1) Show that 1 is an eigenvalue of P:
Take any nonzero vector w from W. Since w already lies in W, its orthogonal projection onto W is itself:
\[
T(\mathbf{w})=\mathbf{w}.
\]
In matrix form,
P w = w.
Rewriting it as
\[
\mathbf{P}\,\mathbf{w} = 1\cdot \mathbf{w}.
\]
So w is an eigenvector of P with eigenvalue λ = 1. Because W ≠ {0}, such a nonzero w exists, so λ = 1 is indeed an eigenvalue of P.
2) Show that the 1-eigenspace of P is exactly W.
(a) Every vector in W is a 1-eigenvector.
Let w ∈ W. As above,
\[
\mathbf{P}\,\mathbf{w}=\mathbf{w}.
\]
So every vector in W satisfies P w = 1·w.
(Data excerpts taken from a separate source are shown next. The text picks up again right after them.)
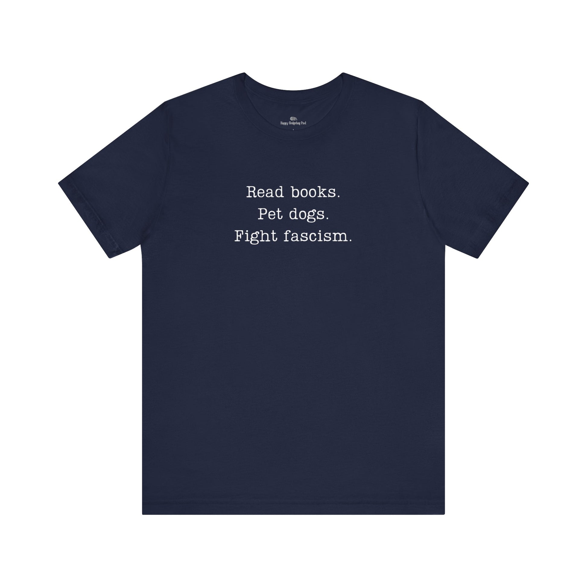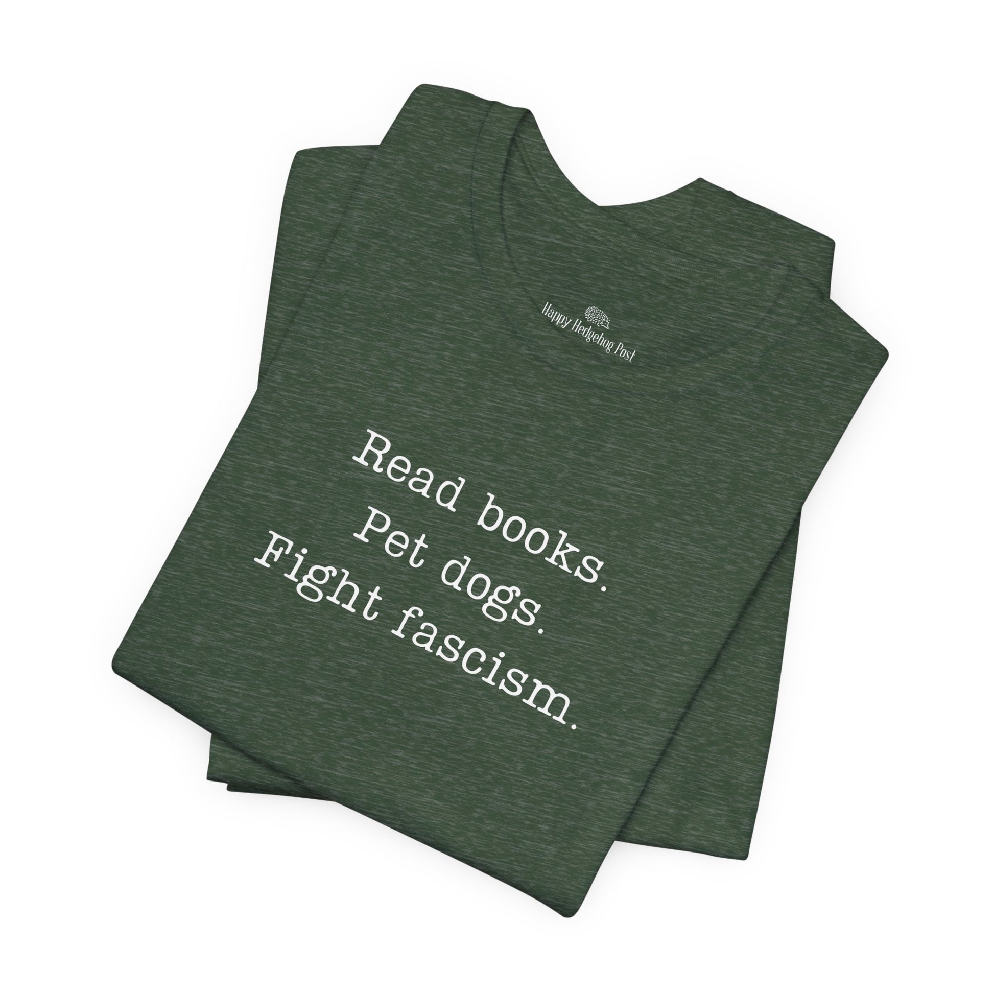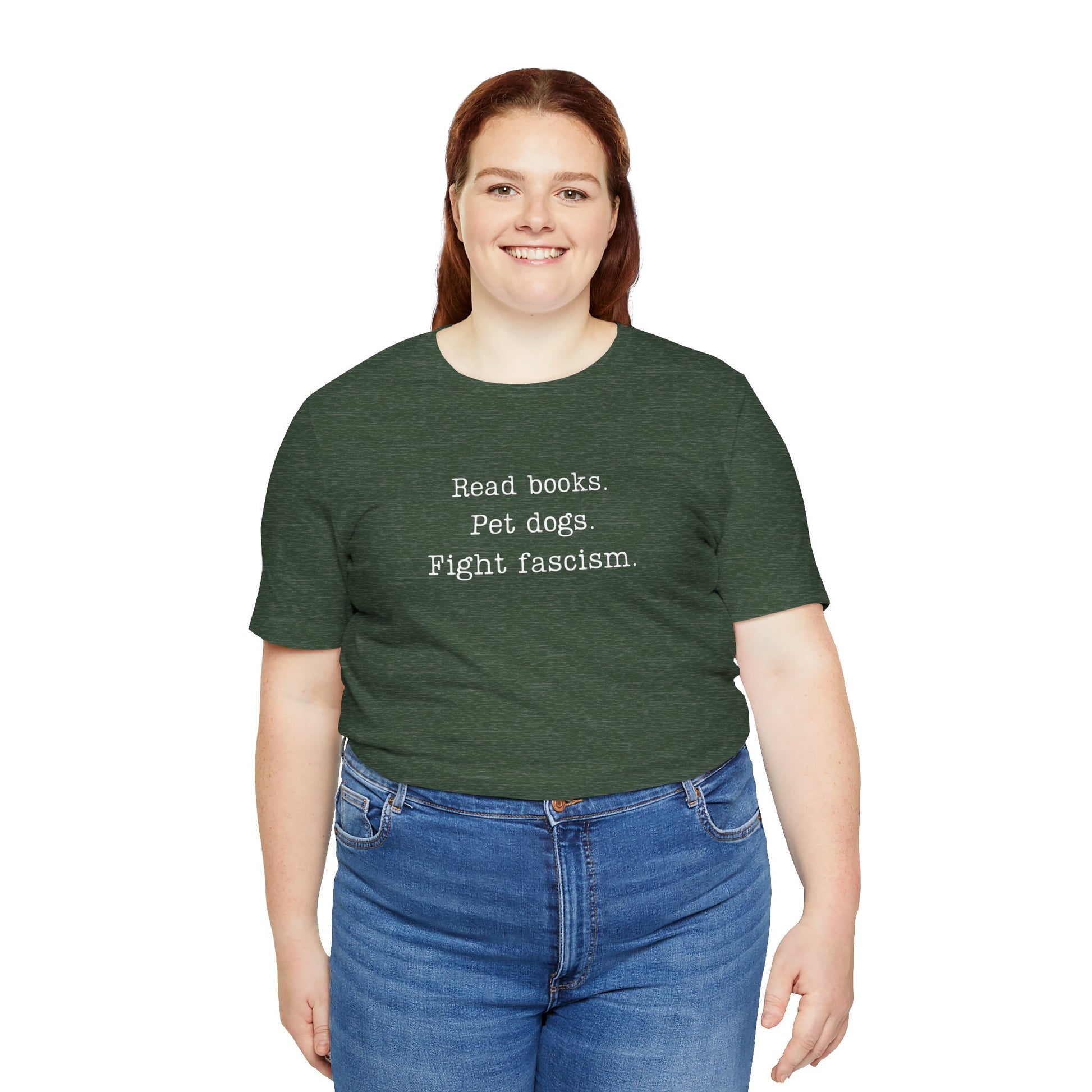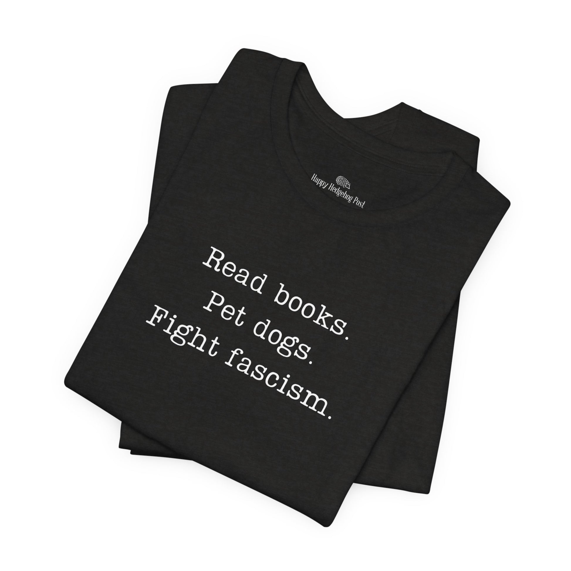 This shirt says it plain: Read Books, Pet Dogs, Fight Fascism. Clean typewriter font that reminds us we're not fighting to make life harder - we're fighting to protect the simple freedom to live it. To take your dog to the park without fear. To read what you want without looking over your shoulder. To build a life where kindness isn't radical and safety isn't conditional.
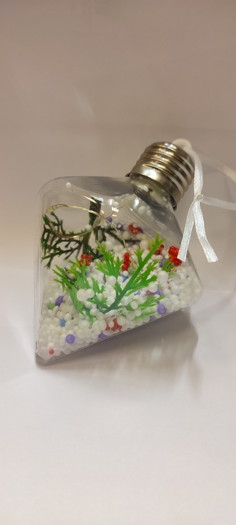 Eglutės pauošimas su dekoracija viduje ir led
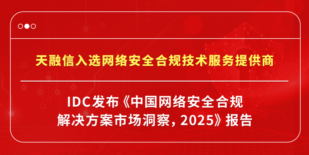 近日,IDC发布《中国网络安全合规解决方案市场洞察,2025》报告。天融信凭借全面的产品、服务体系与完备的解决方案,成功入选技术服务提供商,充分体现了市场对天融信安全合规技术能力的高度认可。
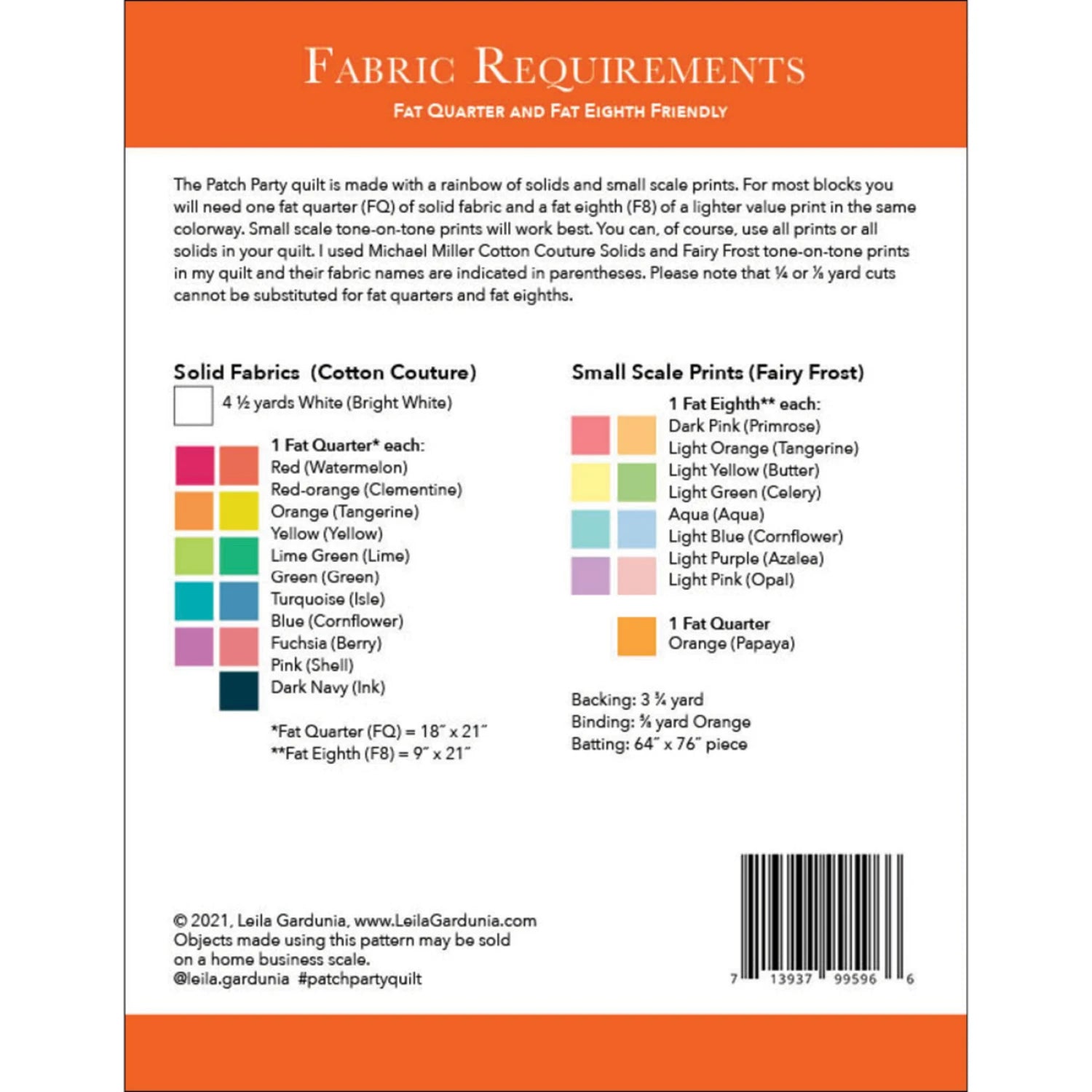 Patch Party is precut-friendly block of the month program. This modern quilt is traditionally pieced and participants make 2 identical quilt blocks most months. The block sets require 1 FQ of a solid fabric and 1 F8 of small-scale print, making it simple to kit. All instructions are contained in an 8.5” x 11” booklet that is handed out at the beginning of the BOM. Finished quilt size: 60” x 72”.
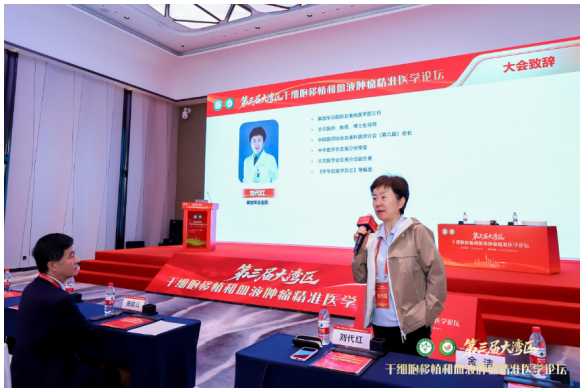 中华医学会血液学分会主任委员、华中科技大学同济医学院附属协和医院胡豫教授致辞,肯定我国造血干细胞移植规模全球领先、半相合移植成果显著,CAR-T治疗研究与原创产品达国际先进水平,提出大湾区应打造健康典范,借鉴中山肿瘤防治模式,推动区域血液学科高质量发展。
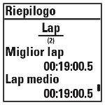 Numero di lap automatici, miglior lap e durata media di un lap automatico. Premere per ulteriori dettagli. |
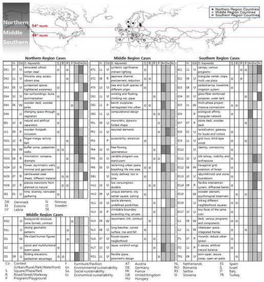 In response to this, in Section 3 we comparably analyzed various kinds of public architecture. The cases were selected because they were popularly utilized as a public design among those constructed throughout Europe since 2000 and considered to be oriented toward urban sustainability. There were 15 cases in the northern region, 28 cases in the middle region, and 22 cases in the southern region. The northern, middle, and southern regions were determined by the latitude being above, between, and below 44 and 54 degrees north respectively.

Thus,
\[
W\subseteq E_1(\mathbf{P}),
\]
where E₁(P) denotes the 1-eigenspace of P.
(b) Every 1-eigenvector lies in W.
Indeed, let x ∈ ℝn×1 satisfy
P x = x.
By definition of P, P x = xW, the orthogonal projection of x onto W. So
\[
\mathbf{x} = \mathbf{P}\,\mathbf{x} = \mathbf{x}_W.
\]
However, xW ∈ W. Hence, x ∈ W.
Therefore, every vector x ∈ ℝn×1 with P x = x lies in W, so
\[
E_1(\mathbf{P})\subseteq W.
\]
3) Conclusion:
Combining (a) and (b), we have
\[
E_1(\mathbf{P})=W,
\]
and since W ≠ { 0 }, this shows that λ = 1 is an eigenvalue of P and its eigenspace is exactly W.
1) Zero is an eigenvalue of P
Because W is a proper subspace, W⊥ ≠ {0}. Take any nonzero vector v ∈ W⊥.
The orthogonal projection of v onto W is the zero vector:
\[
T(\mathbf{v}) = \mathbf{v}_W = 0.
\]
In matrix form,
P v = 0.
So
\[
\mathbf{P}\,\mathbf{v} = 0\cdot \mathbf{v},
\]
which means v is an eigenvector of P with eigenvalue λ = 0. Since v ≠ 0, λ = 0 is indeed an eigenvalue.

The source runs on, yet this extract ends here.